# Xante early paper jam



## Susiebelle (May 16, 2013)

Hi! I have an Xante film maker 4 that constantly gives an error message of "early paper jam". There was indeed a jam that has been corrected and I checked all other areas for jams and it seems to be clear. What could I do to correct this?

Thanks for your help.


----------



## TH Apparel (Jul 12, 2013)

we get this often. It happens sometimes when there is not enough paper.


----------



## Kenneth59 (Sep 28, 2013)

on ours a couple years back it was a sensor that was causing that.


----------



## Susiebelle (May 16, 2013)

Thank you so much for this priceless information.....if by chance it is the sensor, where and how do I correct it?


----------



## Kenneth59 (Sep 28, 2013)

Susiebelle said:


> Thank you so much for this priceless information.....if by chance it is the sensor, where and how do I correct it?

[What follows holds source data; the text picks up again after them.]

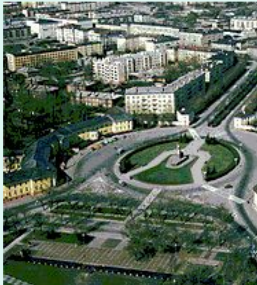
Панорама г. Петрозаводска
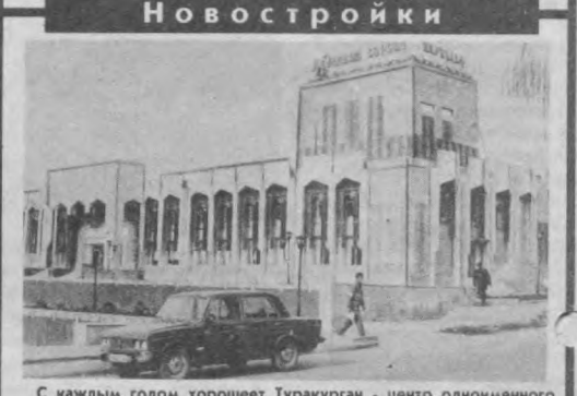
С каждым годом хорошеет Туракурган - центр одноименного района Наманганской области. Поднимаются новые административные и жилые здания, социально-бытовые объекты, украшающие город. Среди них и Дворец культуры "Ширинкин" одноименной агрофирмы. На снимке: Дворец культуры "Ширинкин".
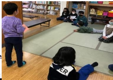
👁️誕生会の質問コーナー
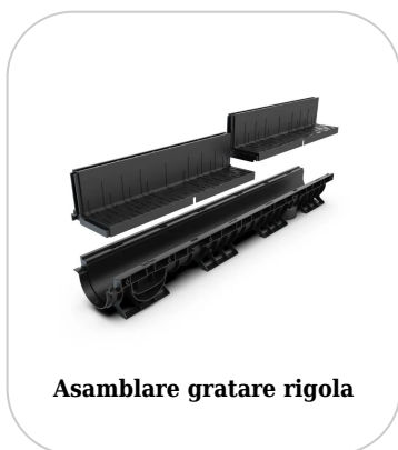
Asamblare gratare rigola

Etanșant BASE, produse pentru construcții, tub 310 ml (G12M29-C).
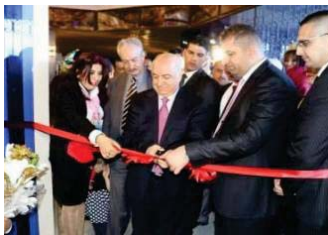
وزير الثقافة فريد راوندوزي أثناء حفل الافتتاح

العاصمة بغداد. لافتاً أنها «كانت موهبة وتنتج منذة ثلاث قوائم الوزارة بتكليف المدير الحالي عقيل المسلاوي بإيرتها وتعهود بدعمه لينجح بمهمته». وعسا الوزير من خلال الاحتفال بهذه المناسبة إلى «الاحتفاء اجلالاً وإكباراً لشهداء الجيش والحشد الشعبي والبيشمركة. الذين ضحوا بأنفسهم من أجل أن لا يحصل الأذى عن أي فرصة لتعكير الحياة». وأشار راوندوزي إلى «الأعمال التي عانت الدار منه منذة فترة. وإن التغييرات التي تمت عليها كانت ضرورية متعمداً بأنه لن يترك حصة الدار إلا وان تقوم مرة أخرى
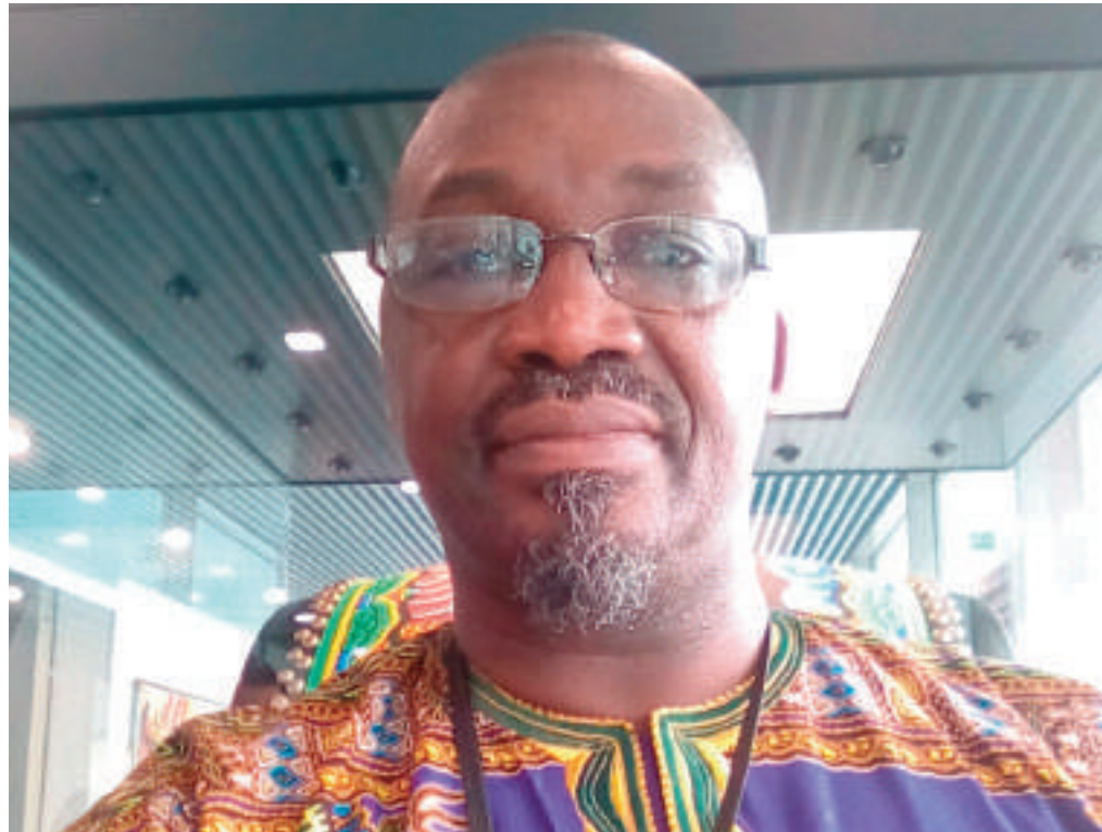
"La plupart des affaires pendantes devant la Cour aujourd'hui proviennent des pays africains à la demande des autorités desdits États"

Il faut d'abord préciser que l'adhésion au Statut de Rome est volontaire. Par conséquent, le retrait est aussi vo-
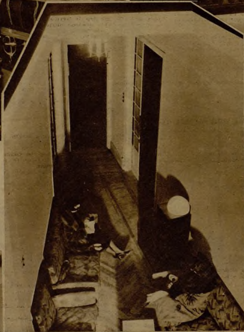
El vestíbulo del nuevo Club femenino, visto desde el "hall" del piso principal →
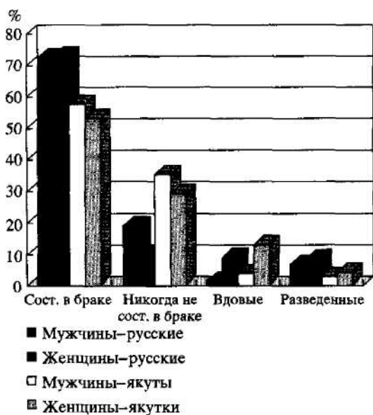
Рис. 2. Распределение по брачному состоянию якутов и русских (в % от общей численности, по данным переписи населения 1989 г.)

А в Нижнеколымском улусе (районе) доля детей, родившихся вне зарегистрированного брака, достигла 61,9%.

for us it took a printer repair guy since he had to test the other sensors to find the exact cause plus it wasnt easy (mainly the right tools) to get into the printer.


----------



## Susiebelle (May 16, 2013)

Thanks so much! Now to find someone to "fix" it.

Thanks again.


----------



## Kenneth59 (Sep 28, 2013)

Susiebelle said:


> Thanks so much! Now to find someone to "fix" it.
> 
> Thanks again.


that was our problem, mention Xante and most say "a what"?


----------